Philippines’ headline inflation already exceeded the BSP’s 2-4% target in April, printing at 4.9% YoY. Other than supply-driven upside price pressures from elevated commodity prices, the BSP appeared to be concerned about second-round effects from the recent minimum wage hikes in some regions. The Monetary Board therefore viewed yesterday’s increase as timely to ‘arrest further second-round effects and temper the build-up in inflation expectations.’ The authorities are expecting headline inflation to stay above 5% YoY in the coming months before easing in 2023. The BSP raised its headline inflation forecasts for 2022 and 2023 to 4.6% and 3.9%, respectively (from 4.3% and 3.6% in March’s meeting). Despite the upward revisions, policymakers still see upside risks for both years.
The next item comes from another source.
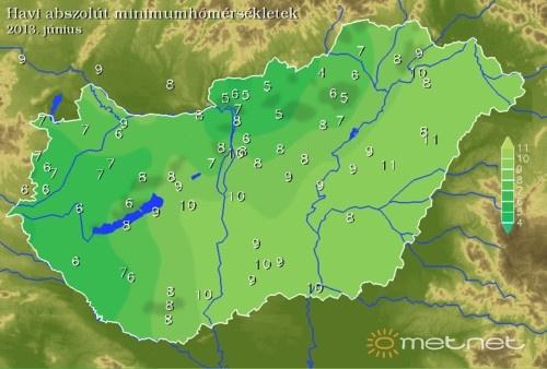 A hónapban mért legalacsonyabb értékek az ilyenkor szokásosnál kissé alacsonyabban alakultak. A hõséget lezáró frontot követõen többször volt derült, szélcsendes éjszakánk, így a Dunántúlon, sok helyen alakult jóval 10 °C alatt a minimum. Északon pedig 5 °C közelébe hûlt a levegõ, de ott még inkább a hó elején mértek egyjegyû értéket.
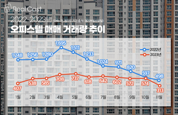 경기부동산포털 통계에 따르면, 올해(1~11월) 경기 오피스텔 누적 거래량은 총 6296건으로 집계됐습니다. 전년 동기(12,133건)와 비교하면 절반 수준에 그친 셈입니다.

Beyond raising the policy rate, the central bank also withdrew other unconventional pandemic-era measures. First, the National Government will fully settle the provisional advances provided by the BSP on 20 May 2022, around one month ahead of the maturity schedule of 11 June 2022. Second, the BSP recalibrated its government bond purchase window away from a crisis intervention measure to a regular liquidity facility to manage domestic liquidity. The banking system is seeing ample liquidity even as overall credit growth is recovering and trending higher.

 

Chua Han Teng, CFA

Economist
[email protected]

 

Subscribe here to receive our economics & macro strategy materials.
To unsubscribe, please click here.

Topic

GENERAL DISCLOSURE/ DISCLAIMER (For Macroeconomics, Currencies, Interest Rates)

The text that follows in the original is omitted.